Materials and methods

Population samples

In total, 5540 Han Chinese samples were collected in this study, which included 97 Han Chinese from Beijing (CHB) and 100 Han Chinese from southern China (CHS) from the 1000 Genomes Project11 (1KG), 90 Han Chinese from metropolitan Denver, CO, USA (CHD) from the International HapMap Project (HapMap) phase III,12 470 Han Chinese collected via Fudan University and 4783 Han Chinese collected via Shanghai Jiao Tong University. Taken together, these Han Chinese samples represented majority of the geographical areas where Han Chinese reside (including 27 out of the 34 administrative areas in China). These 27 areas can be classified into northern and southern regions, with the Yangtze River as a geographical boundary. The sampling areas and sample size for each regional population are shown in Supplementary Figure S1. For the following analysis, 757 samples were used for selection of AIMs screening and 4783 samples were used for validation.

Genotyping, data assembly and quality control

SNP data in 1KG and HapMap projects were downloaded from 1KG (http://www.1000genomes.org) and HapMap (http://www.hapmap.org) websites, respectively.

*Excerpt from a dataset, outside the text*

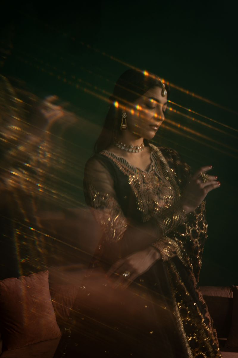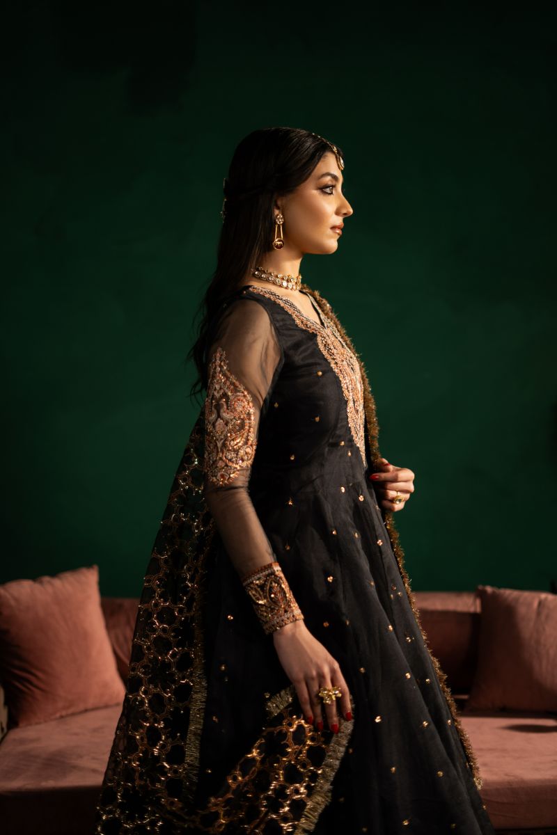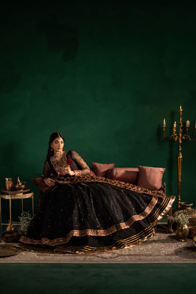 Elegant Black Embroidered Outfit This stunning black lehenga set features heavy embroidery on the neckline and sleeves, decorated with sequins for a touch of sparkle. The dress also has a delicate sequin spray, adding glamour The look is completed with a heavily embroidered dupatta, finished with a kiran border for a traditional touch. The lehenga is designed with a three-layered lappa border, giving it a rich and elegant finish. Perfect for weddings, festive occasions, and special celebrations.

In total, about 1 312 343 out of 36 820 992 SNPs were common among the tested samples in 1KG and HapMap. Considering the low coverage of 1KG data that could result in high sequencing errors, we made additional quality control by comparing the data of identical samples between the 1KG and HapMap (Supplementary Text S1). SNPs with discordant strands or genotypes were either corrected or removed. We treated CHB and CHS samples from 1KG as N-Han and S-Han, respectively. 1KG samples whose geographical origins were discordant with PCA clusters were presumed to be outliers and were excluded from the analyses (Supplementary Text S2).

All the other Han Chinese samples were genotyped with Affymetrix Genome-Wide Human SNP Array 6.0 (Affymetrix, Inc., Santa Clara, CA, USA) that contains 934 969 SNPs. SNP calling from the raw data of all samples was processed by Affymetrix Power Tools 1.10.2. (Affymetrix, Inc.) Quality control was performed with ‘apt-geno-qc’ and genotype calling was performed with ‘apt-probeset-genotype’ in birdseed algorithm.13 Only samples with call rate >0.86 were included in the downstream analyses.

Some further filterations were made for the combined data. Especially, individuals with >10% missing genotypes were removed, SNPs with missing samples >10% or in Hardy–Weinberg disequilibrium (P<0.001) were also removed. Finally, we obtained data for 5520 Han Chinese individuals sharing 738 937 autosomal SNPs.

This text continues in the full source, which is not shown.